I’m using Guice, so this is what my configuration looks like. Of course, you can also use standard web.xml configuration instead.

package com.roa.server.guice;

import java.util.HashMap;

import com.google.inject.Singleton;
import com.google.inject.servlet.ServletModule;
import com.turbomanage.gwt.server.servlet.BrowserFilter;

public class DispatchServletModule extends ServletModule
{
	@Override
	public void configureServlets()
	{
		HashMap<String, String> filterCfg = new HashMap<String,String>();
		filterCfg.put(BrowserFilter.KEY_BROWSER_IDS, "Chrome,Firefox,Safari,Opera,MSIE 8");
		filterCfg.put(BrowserFilter.KEY_BAD_BROWSER_URL, "/s/bb.html");
		filter("/roa/signup/signup.jsp", "/roa/app/login", "/roa/app/index.html").through(
			BrowserFilter.class, filterCfg);
		...
	}
}

You initialize the filter with one or two parameters. The badBrowserUrl param is required. The filter will redirect any unsupported browser to this location. You can optionally set your own comma-separated list of browser identification strings in the browserIds param.

For further research on browser server-side identification, check out http://www.zytrax.com/tech/web/browser_ids.htm.

How to distinguish between AppEngine dev and prod environments

How can you tell whether your server-side AppEngine code is running in dev or production? (Hopefully, you don’t need to know too often, but for purposes of substituting test email addresses, etc., it might come in handy). I’ve discovered this AppEngine system property tucked away in Vince Bonfanti’s Task Queue helper class Deferred.java:

    import com.google.appengine.api.utils.SystemProperty;
    ...
    private static boolean isDevelopment() {
        return ( SystemProperty.environment.value() ==
                    SystemProperty.Environment.Value.Development );
    }

If you need to distinguish between AppEngine environments in GWT code, you would have to make an RPC call, which would probably leave you with an if statement in your application code somewhere, although someone very clever might come up with a way to do something GWT-side similar to what Andy Stevko wrote up on StackOverflow a few weeks ago.

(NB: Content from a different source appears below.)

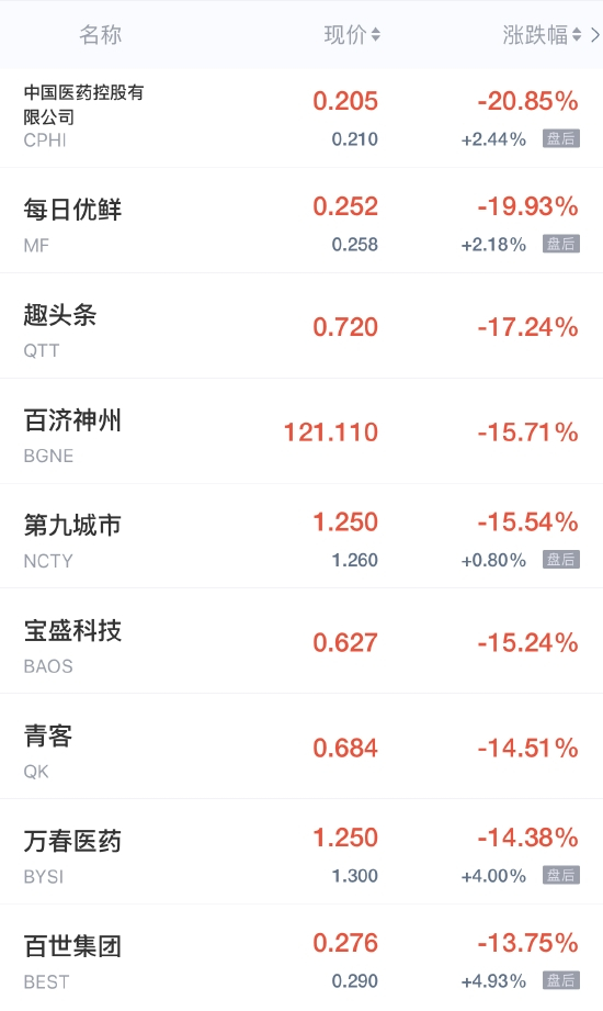 每日优鲜跌近20%,趣头条跌超17%,第九城市跌超15%,青客跌超14%,百世集团跌超13%,爱奇艺、金山云跌近12%,一起教育、乐居跌超11%,波奇宠物、嘉楠科技超跌10%,网易有道跌近10%,凤凰新媒体、寺库、小牛电动跌超9%,叮咚买菜跌近9%,斗鱼、微美全息、新氧跌超8%,达达集团、迅雷、途牛跌超6%,蔚来汽车、老虎证券、云米科技、BOSS直聘跌超5%,拼多多跌近5%,虎牙、房天下、知乎、名创优品跌超4%,开心汽车跌近4%,阿里巴巴、京东、欢聚集团、水滴公司、优信跌超3%,腾讯音乐跌近3%,小鹏汽车、贝壳、蘑菇街跌超2%,百度、哔哩哔哩、新东方跌超1%。

If you’ve done something like this in GWT or GIN, I’m all ears.

Presenting at DevNexus

For those readers in the Atlanta area, I’ll be presenting case studies on AppEngine and GWT at DevNexus Mar 8-9. I’ll be highlighting the frameworks I’ve written about here: gwt-presenter, gwt-dispatch, and Objectify, along with Guice and GIN.

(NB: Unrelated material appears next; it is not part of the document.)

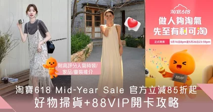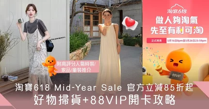 夏日將至,又是換季添新衣的好時機!淘寶618年中狂歡節已於5月16日登場,帶來無數優惠及精選好物,讓你輕鬆打造獨特風格!今次同樣為shopping控帶來一系列超吸引優惠,第一波於5月16日晚上8時開始,直至5月26日晚上23:59PM結束,不但有「官方商品立減85折」、「滿¥99包郵」等搶先購禮遇,還有「新用戶首單即減¥50」及「88VIP會員專屬優惠」!想快人一步率先入手性價比極高的夏天服裝,就要留意以下介紹,同場還有最hit家品、玩樂商品推介,記住邊睇邊打開APP:LINK放入購物車,再根據淘寶618年中狂歡節搶先購禮遇「時間表」,做足準備就出發去買買買!實行「做人夠淘氣,先至有利可淘」。

If you plan to be there and want to see specific topics covered, you can post your request as a comment here.

Yet another way to get the Guice injector

I previously wrote about a way to get ahold of the Guice injector in a JSP by putting it in the ServletContext; however, I have another case where I need it in a class that doesn’t have access to the ServletContext, either. The class happens to be a background task that implements the Deferrable interface, which for sake of interface simplicity does not provide access to the ServletContext even though the task does in fact run in a servlet.

The solution is simply to create the Guice injector in a static factory:

package com.roa.server.guice;

import com.google.inject.Guice;
import com.google.inject.Injector;

public class GuiceFactory
{
	private static final Injector inj = Guice.createInjector(...);
	
	public static Injector getInjector()
	{
		return inj;
	}
}

Now any class that needs access to a Guice-managed object can get it easily, including the ultra-simplified Guice context listener that’s registered in web.xml:

package com.roa.server.guice;

import com.google.inject.Injector;
import com.google.inject.servlet.GuiceServletContextListener;

public class GuiceConfig extends GuiceServletContextListener
{

	@Override
	protected Injector getInjector()
	{
		return GuiceFactory.getInjector(); 
	}
	
}

WARNING: this works fine in AppEngine because there’s only one WAR per JVM in that environment. If you’re not running in AppEngine and have multiple WARs in a single JVM, as is commonly the case, you may or may not want a single Guice injector for the whole JVM. I have not tested it, but I would think you wouldn’t be able to use Guice ServletModules in that case.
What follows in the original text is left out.